И стоило ему сказать про билеты, мне так уехать захотелось, что я едва не припустил бегом. Понятно, я полтора года без отпуска трубил и дальше Остра никуда не ездил, кроме как дней на пять, на бои. Понятно, я знал: там, куда мы полетим, вовсе не земля обетованная, нет там ни вечного блаженства, ни избавления, ни забытья, но я подумал так: должно же и у нас быть что-нибудь веселое в жизни?

Так что часом позже мы сидели в такси и мчались к Мишке за вещами, а после — ко мне, чтобы захватить мои; по дороге Мишка вытащил деньги, оставшиеся от тех восьми тысяч двухсот, и разделил их поровну, по восемьсот на брата. Потом мы поехали в аэропорт и пообедали в ресторане на втором этаже, но сперва отметились в парикмахерской на первом, где нам промыли волосы шампунем и уложили их под феном, а после привели в порядок ногти на руках, а перед самым отлетом Мишка сбегал в ресторан и вернулся с бутылкой коньяка, чтобы нам не скучать в самолете. Он купил еще одну, когда мы приземлились, и в такси — похоже вся наша молодость прошла в такси, — так вот, в такси, которое мы наняли, чтоб добраться до Ялты, он стал вытаскивать из карманов шоколадные конфеты, полные пригоршни. Так мы и ехали, поочередно прихлебывая коньяк, кругом была ночь, и горы высились во тьме по обе стороны дороги, а когда мы проезжали по щебенке, камни лупили в дифференциал машины так, что, казалось, вот-вот пробьют ее насквозь, а заодно и нас. На перевале таксист остановил машину, мы вылезли размять ноги и, стоя перед радиатором, допили коньяк, Мишка размахнулся и пустая бутылка полетела в темноту, мы снова сели в машину, и никогда больше я не был счастлив так, как тогда в такси вместе с ним.

III

Говорят, человека нельзя любить за что-то, так и я любил его не за то, что он был честным или добрым или храбрым, а за то, что он — это он. И что бы о нем не понаговорили после, было правдой меньше, чем наполовину, ведь судили о нем со слов Гириных, Сошиных, Штеренталей и прочей шушеры, а ведь не то, что они — мы, люди близкие не понимали его до конца. Ведь чего проще — сказать о человеке, что не было в нем твердых моральных устоев, как твердила потом Алла Афанасьевна, или, что он вел бездуховную жизнь, как обмолвился на прощанье Дмитрий Сергеевич обо мне самом. Ведь в жизни главное — найти свое предназначение, ведь не для всех же свет сошелся на филармониях да библиотеках, а ну-ка вспомните бравых ребят с киноэкранов, тех, кого играют Бельмондо и Брандо, а потом вообразите, хороши они бы были не с револьверами в руках, а с папкой для нот или тем же самым тубусом, причем не на минуту или две, а до скончания дней — тогда, может, поймете, каково это, когда при вас сила и напор, и смекалка, и сноровка, и расчет, и глазомер — короче, короче, качества, по другим временам может и украшающие вас, и с годами, верно, сходящие на нет, а до тех пор изводящие вас, помыкающие вами, как истеричка-жена, любимая до беспамятства. Такой публике во всем блюсти мораль да вести духовную-предуховную жизнь — все равно, что постричься в монахи или заделаться евнухами, а еще лучше постриг и оскопление сразу, чтобы прикончить наверняка. Потому что это означает отречься от тела, плоти, утихомирить, разбавить кровь, а вот этого мы не могли. Мы ведь были молодыми, понимаете?

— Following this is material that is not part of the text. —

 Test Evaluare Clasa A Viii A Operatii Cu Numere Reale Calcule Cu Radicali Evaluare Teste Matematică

Случалось вам видеть, как блестит антрацит на изломе? Так блестела дорога на проспекте, когда мы недели через три после нашего с ним возвращения подвозили с Павлова поля, из ресторана одного нашего приятеля, Игорька, и его девицу. Он эту Раю в кабаке подцепил, и всю дорогу у ней рот не закрывался. Мишка — тот нарочно магнитофон включил, но Рая эта вкручивала нам про свои летние подвиги громче магнитофона, и я еще помнится спросил Игорька, у кого из них раньше кончится завод, а оно говорит: — Не знаю. Но если хочешь, чтоб они выступили на равных, в магнитофон надо тоже бутылку шампанского влить.

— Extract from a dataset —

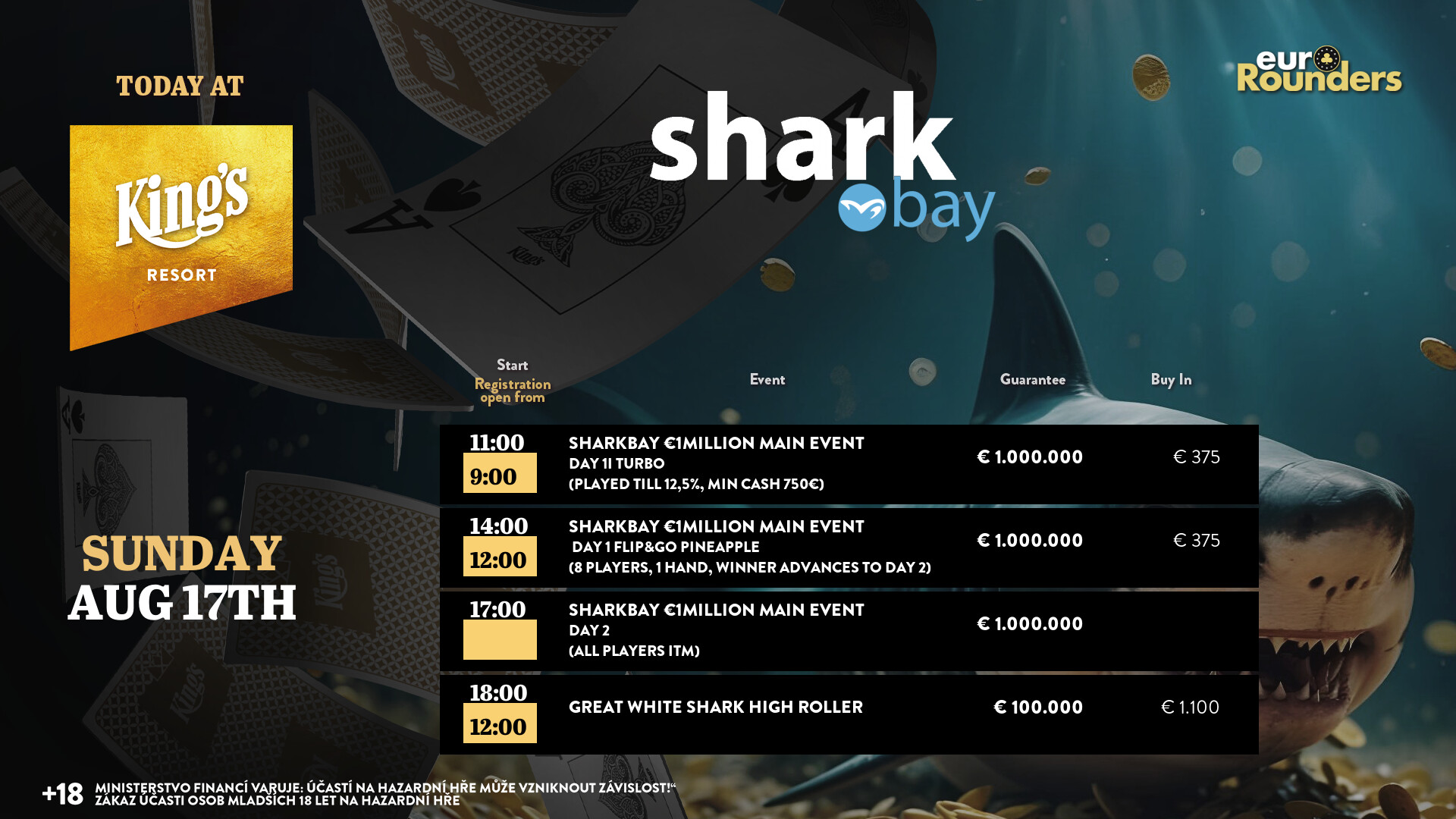 Locker sollte man heute beim € 375 Sharkbay Million im King’s Resort Rozvadov die Millionengarantie noch knacken, es gibt heute noch den Turbo Flight und die Flips, ehe es dann gleich für alle verbliebenen Spieler in Tag 2 geht.

В другое время я б мимо ушей пропустил эти ее россказни — в тот вечер был гололед, и мне бы повнимательней следить за дорогой, но, говоря по правде, наша поездка в Ялту просто не шла у меня из головы. Гостиница, к которой мы подкатили среди ночи, и в самом деле была потолок, как сказал про нее Сошин. Она была в стиле модерн — а, может, не модерн, — ведь стилей я видел не больше, чем гостиниц, но это было настоящее шестнадцатиэтажное чудо из камня, стекла и стали, громадина из тех, какие видишь на открытках на фоне гор, моря и небесной синевы, и стоило вам толкнуть прозрачную дверь со щеткой внизу и ступить в роскошный холл, вы попадали прямиком в Европу, на территорию какой-нибудь страны Бенилюкса.[33] Там были два кафе-экспресса, пять баров, валютный магазин, плавательный бассейн, сухие бани, косметический салон, бильярдная, два кабака, а в них полным-полно немцев, поляков, югославов и грузин, вот мы и делали там то же самое, что немцы, югославы и грузины: с утра — в бассейн, а после и до ночи — из бара в бар, из кабака в кабак. А я все думал: ведь не может человек сам себе признаться, бесповоротно и окончательно увериться, что у него кишка тонка, что в нем нет перца или пороха хоть ненадолго заполучить все это, потому что даже самому распоследнему и разнесчастному дуралею такое причитается хоть на денек или два, а раз это так, раз нам с Мишкой хватило перца, пороха, сиропа — называйте, как хотите, — раз у нас в карманах по пачке денег в два пальца толщиной, да ключи от номеров, какие разве что приснятся, раз мы днюем и ночуем в ресторане, их которого публика, вроде жены моего управляющего, непременно стащит меню на память, и никто здесь не помыкает нами — нет здесь ни сволочей-сестер, ни их дураков-мужей, ни полоумных стариков, ни бессловесных родителей, ни управляющих, которым надо втаскивать мешки с картошкой на шестой этаж, — отчего мне тошно, как на похоронах?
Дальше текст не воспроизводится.